▸ **MATERIAL SUPPLIED**
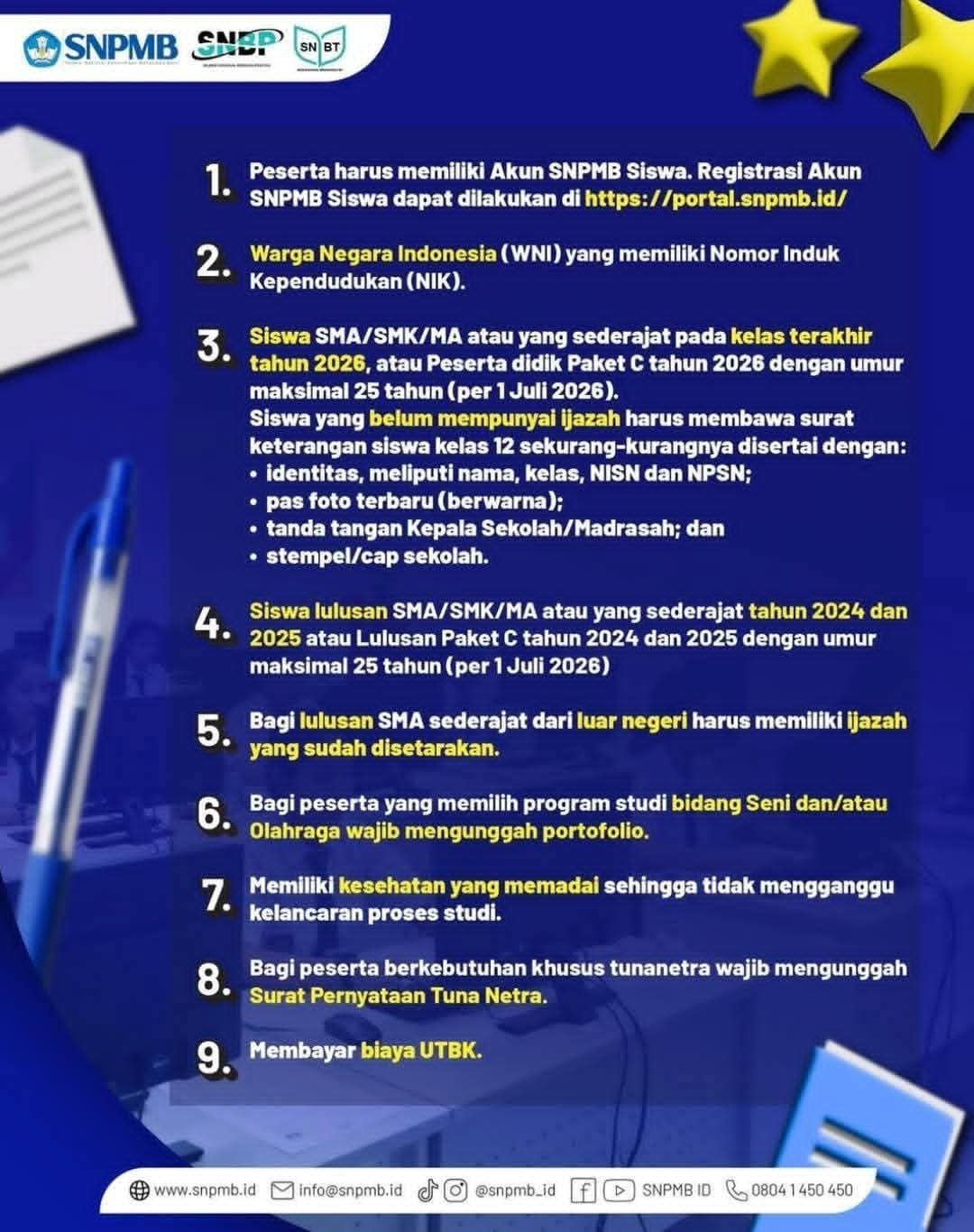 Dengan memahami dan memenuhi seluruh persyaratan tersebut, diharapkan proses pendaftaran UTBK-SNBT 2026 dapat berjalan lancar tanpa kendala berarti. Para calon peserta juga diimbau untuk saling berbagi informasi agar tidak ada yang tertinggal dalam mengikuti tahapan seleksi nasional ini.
---
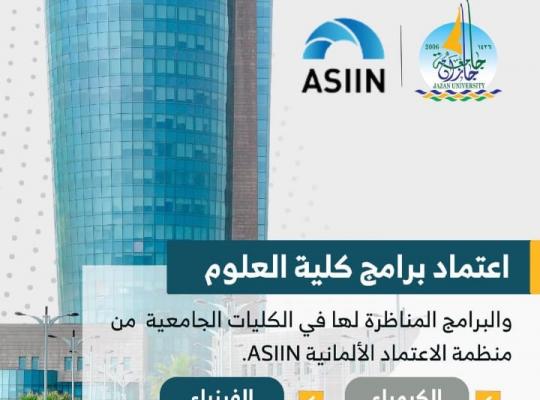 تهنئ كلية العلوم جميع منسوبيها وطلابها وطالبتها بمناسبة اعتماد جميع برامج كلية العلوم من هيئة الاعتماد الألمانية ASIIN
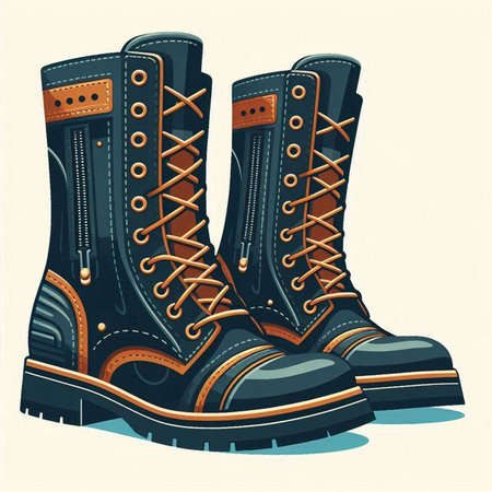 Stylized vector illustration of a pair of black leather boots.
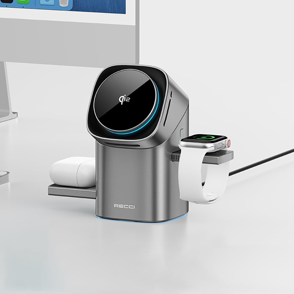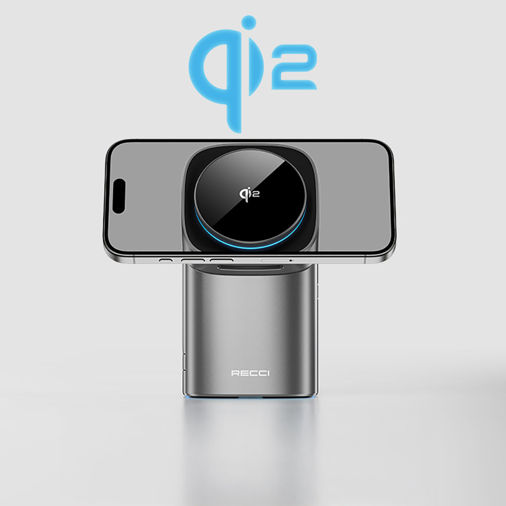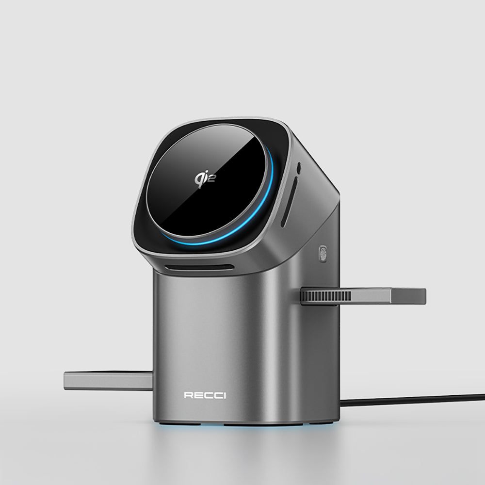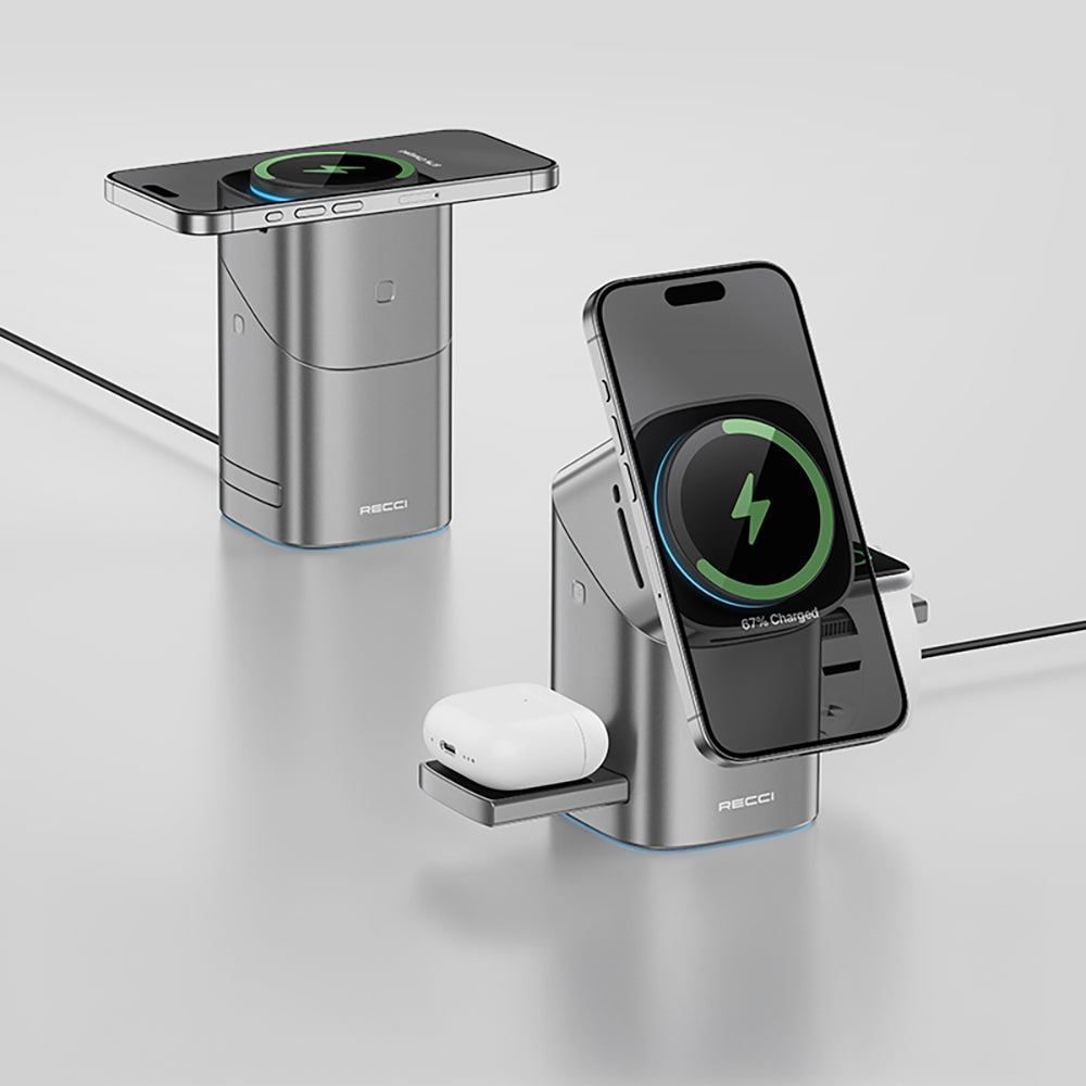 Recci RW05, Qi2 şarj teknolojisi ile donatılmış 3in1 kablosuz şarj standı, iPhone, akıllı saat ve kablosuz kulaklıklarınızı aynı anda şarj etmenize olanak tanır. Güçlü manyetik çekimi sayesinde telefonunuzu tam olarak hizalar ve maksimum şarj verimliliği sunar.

▸ **ACTION ITEM**
In the entries above, find the line containing "Stylized vector illustration" and the line containing "Recci RW05, Qi2"; give again exactly those two lines and every line between them, minus the pictures.

▸ **ANSWER TO THIS EXERCISE**
 Stylized vector illustration of a pair of black leather boots.
 Recci RW05, Qi2 şarj teknolojisi ile donatılmış 3in1 kablosuz şarj standı, iPhone, akıllı saat ve kablosuz kulaklıklarınızı aynı anda şarj etmenize olanak tanır. Güçlü manyetik çekimi sayesinde telefonunuzu tam olarak hizalar ve maksimum şarj verimliliği sunar.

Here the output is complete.